A series of TV ads that Disney World aired is a prime example of how to appeal to Matures without pandering to them. In one of these ads, Boomer parents are pictured at home with their children, wondering aloud about what on earth their parents could be doing at Disney World. Then the camera shifts to the faces of two happy, healthy older people in the Magic Kingdom. They are playing golf, swimming, dancing late into the night. For Matures, the ad makes a strong appeal to their conviction that they have earned a rich and full retirement - and are still young enough to enjoy it.
Marketers can reach this practical, hard-working generation as they enjoy their retirement but not by selling products for "old people." They have to be smarter than that. Focus instead on themes that leverage the way Matures are motivated to buy.

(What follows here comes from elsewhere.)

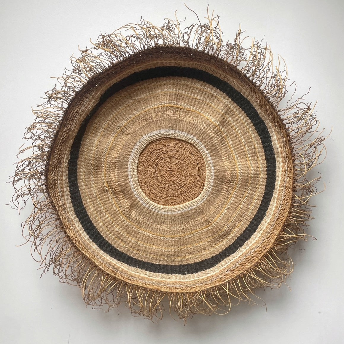 Fibres and palm inflorescence fold and stretch. Reflecting how the land breaths, listens and contours shift, textures linger, memory of place held quietly

Play to the notion that this generation overcame daunting odds to achieve their successes. Don't be loud or brash; they already get the point. After working hard and sacrificing for so many years, they have reached a level of financial comfort and a time in their lives where they can feel freer to spend money on themselves . . . because they've earned it.
For most of their peak consuming years, Matures have foregone the extras. But this is not to say that Matures never spent money. Indeed, their spending built our contemporary consumer marketplace. Their style of spending, however, reflected the more cautious, disciplined values of their savings-focused outlook. Even as Matures spent, they actually saved a lot of money. And much of this spending was for others anyway, especially their children.